*EXERCISE:*
Print the data exactly. Omit the pictures.

*MATERIAL PROVIDED:*
══════════════════════════════
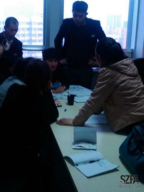 (圖為2014年4月19日威海,中團(tuán)項(xiàng)目應(yīng)急小組在活動(dòng)前一天晚上召開(kāi)緊急會(huì)議)
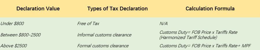 Value over $2500: You need to apply for regular customs clearance and then pay customs duties and MPF. (Note: The calculation method of anti-dumping products and countervailing products is different from the above)
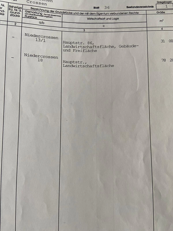 Großzügiges Grundstück mit ca. 7.820 m² und ca. 1.000 m² Bauland in Niedercrossen
══════════════════════════════
*EXPECTED ANSWER:*
 (圖為2014年4月19日威海,中團(tuán)項(xiàng)目應(yīng)急小組在活動(dòng)前一天晚上召開(kāi)緊急會(huì)議)
 Value over $2500: You need to apply for regular customs clearance and then pay customs duties and MPF. (Note: The calculation method of anti-dumping products and countervailing products is different from the above)
 Großzügiges Grundstück mit ca. 7.820 m² und ca. 1.000 m² Bauland in Niedercrossen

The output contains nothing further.